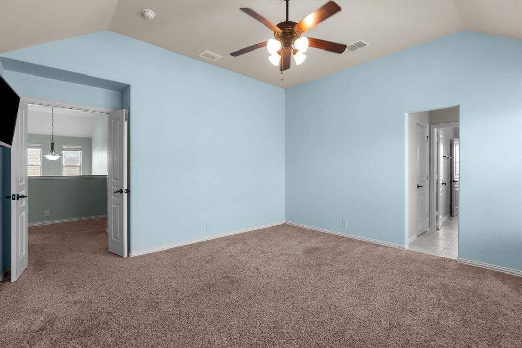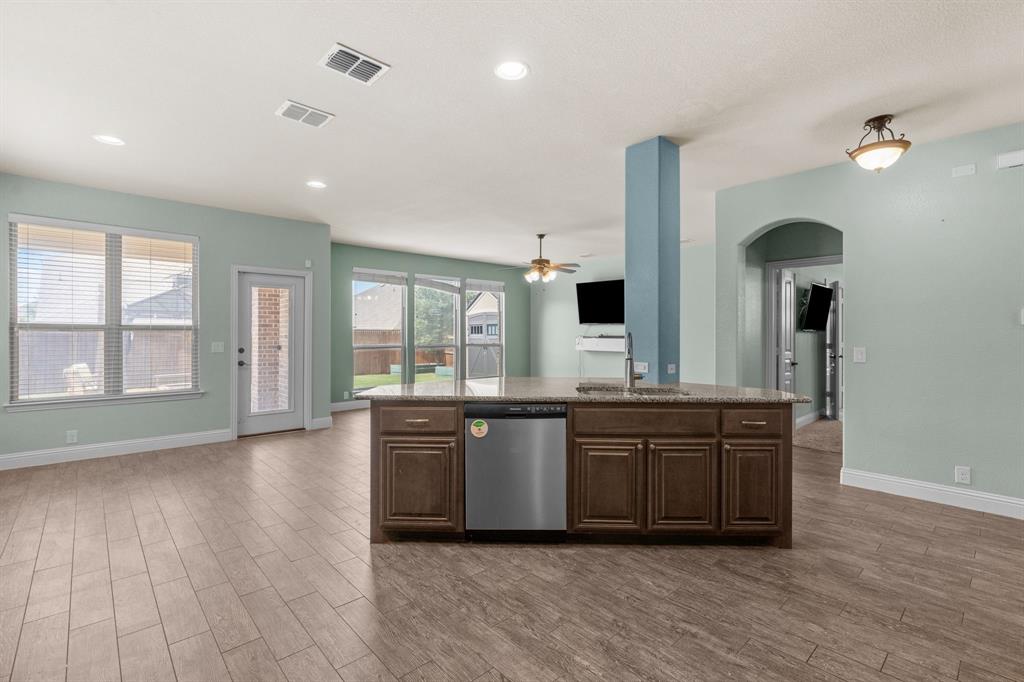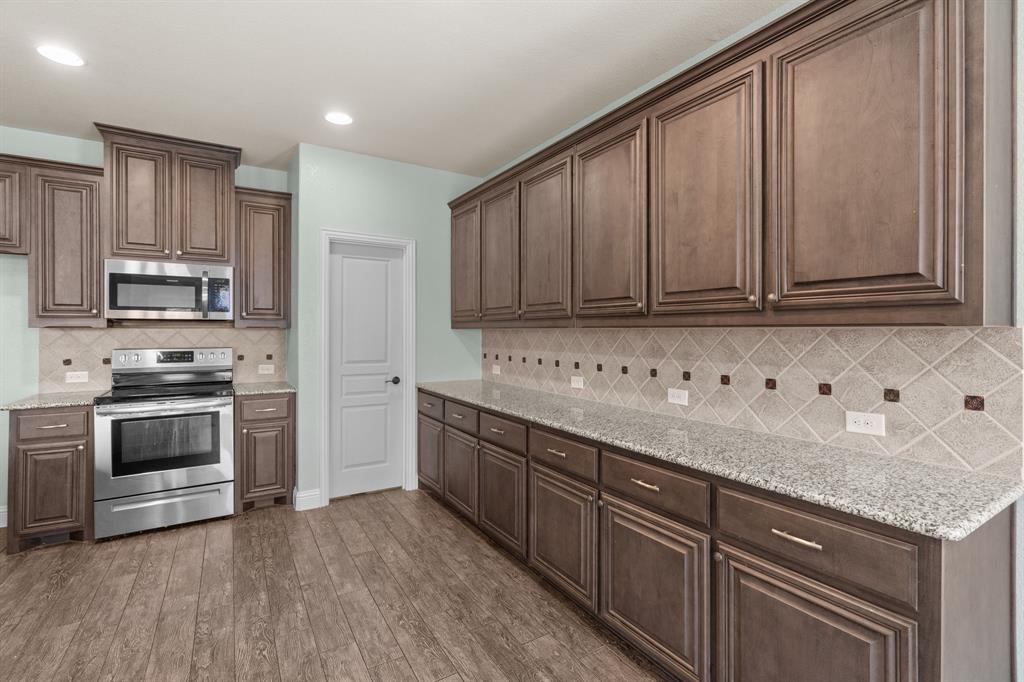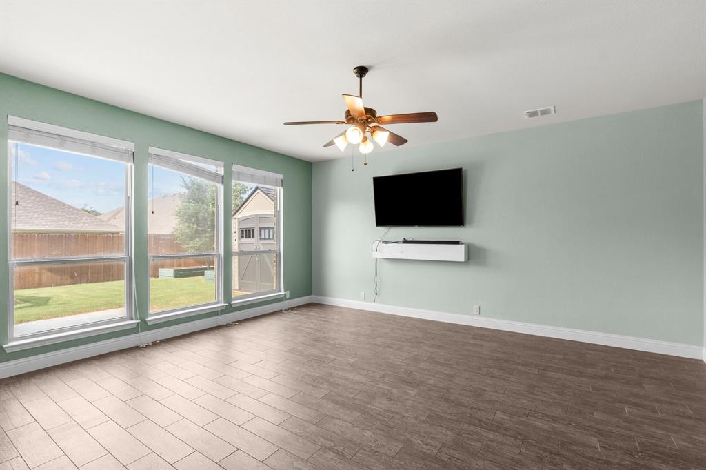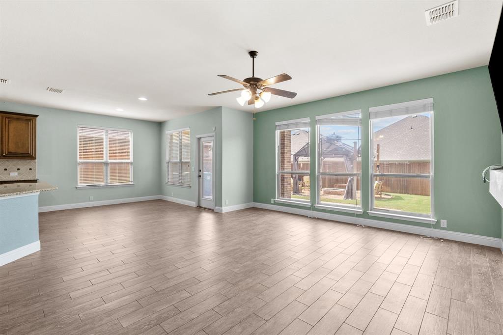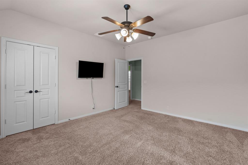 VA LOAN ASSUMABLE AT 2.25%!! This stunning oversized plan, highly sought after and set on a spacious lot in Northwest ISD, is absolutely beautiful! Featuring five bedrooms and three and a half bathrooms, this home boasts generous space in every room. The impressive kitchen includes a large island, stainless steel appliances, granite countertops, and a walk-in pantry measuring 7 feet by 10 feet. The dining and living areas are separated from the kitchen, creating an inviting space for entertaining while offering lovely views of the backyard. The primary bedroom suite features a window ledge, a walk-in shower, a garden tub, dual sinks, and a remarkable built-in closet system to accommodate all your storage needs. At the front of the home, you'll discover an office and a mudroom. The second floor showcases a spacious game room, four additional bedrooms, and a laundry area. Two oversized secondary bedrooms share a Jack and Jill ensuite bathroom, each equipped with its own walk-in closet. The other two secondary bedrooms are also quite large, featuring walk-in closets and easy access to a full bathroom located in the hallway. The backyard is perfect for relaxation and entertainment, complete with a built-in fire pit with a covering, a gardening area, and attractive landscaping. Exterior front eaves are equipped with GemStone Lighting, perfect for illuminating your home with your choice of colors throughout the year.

---

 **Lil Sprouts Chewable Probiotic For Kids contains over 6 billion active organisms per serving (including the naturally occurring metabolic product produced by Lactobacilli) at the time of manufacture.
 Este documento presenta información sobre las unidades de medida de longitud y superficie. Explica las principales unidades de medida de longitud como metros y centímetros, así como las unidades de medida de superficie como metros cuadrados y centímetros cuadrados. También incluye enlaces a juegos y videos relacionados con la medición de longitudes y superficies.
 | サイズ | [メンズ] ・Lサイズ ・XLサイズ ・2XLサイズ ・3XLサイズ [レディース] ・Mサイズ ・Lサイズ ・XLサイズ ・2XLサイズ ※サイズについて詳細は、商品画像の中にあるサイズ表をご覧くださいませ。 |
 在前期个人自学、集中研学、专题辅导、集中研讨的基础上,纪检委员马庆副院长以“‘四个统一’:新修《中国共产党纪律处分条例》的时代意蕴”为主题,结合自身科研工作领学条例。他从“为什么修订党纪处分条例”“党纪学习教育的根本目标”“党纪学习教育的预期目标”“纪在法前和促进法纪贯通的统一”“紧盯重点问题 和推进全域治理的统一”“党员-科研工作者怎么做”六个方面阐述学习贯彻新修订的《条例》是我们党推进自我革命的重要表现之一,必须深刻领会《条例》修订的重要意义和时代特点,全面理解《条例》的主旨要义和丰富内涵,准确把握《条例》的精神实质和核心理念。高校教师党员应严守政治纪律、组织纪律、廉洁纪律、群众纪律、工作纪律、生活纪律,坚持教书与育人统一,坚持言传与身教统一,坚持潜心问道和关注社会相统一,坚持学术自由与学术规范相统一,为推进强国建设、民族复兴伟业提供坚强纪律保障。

> _HOW TO COMPLETE THIS TASK_: Print, without alteration, only the lines above between the one holding "Este documento presenta" and the one holding "在前期个人自学、集中研学、专", inclusive.

> _SOLUTION TO THIS EXERCISE_:
 Este documento presenta información sobre las unidades de medida de longitud y superficie. Explica las principales unidades de medida de longitud como metros y centímetros, así como las unidades de medida de superficie como metros cuadrados y centímetros cuadrados. También incluye enlaces a juegos y videos relacionados con la medición de longitudes y superficies.
 | サイズ | [メンズ] ・Lサイズ ・XLサイズ ・2XLサイズ ・3XLサイズ [レディース] ・Mサイズ ・Lサイズ ・XLサイズ ・2XLサイズ ※サイズについて詳細は、商品画像の中にあるサイズ表をご覧くださいませ。 |
 在前期个人自学、集中研学、专题辅导、集中研讨的基础上,纪检委员马庆副院长以“‘四个统一’:新修《中国共产党纪律处分条例》的时代意蕴”为主题,结合自身科研工作领学条例。他从“为什么修订党纪处分条例”“党纪学习教育的根本目标”“党纪学习教育的预期目标”“纪在法前和促进法纪贯通的统一”“紧盯重点问题 和推进全域治理的统一”“党员-科研工作者怎么做”六个方面阐述学习贯彻新修订的《条例》是我们党推进自我革命的重要表现之一,必须深刻领会《条例》修订的重要意义和时代特点,全面理解《条例》的主旨要义和丰富内涵,准确把握《条例》的精神实质和核心理念。高校教师党员应严守政治纪律、组织纪律、廉洁纪律、群众纪律、工作纪律、生活纪律,坚持教书与育人统一,坚持言传与身教统一,坚持潜心问道和关注社会相统一,坚持学术自由与学术规范相统一,为推进强国建设、民族复兴伟业提供坚强纪律保障。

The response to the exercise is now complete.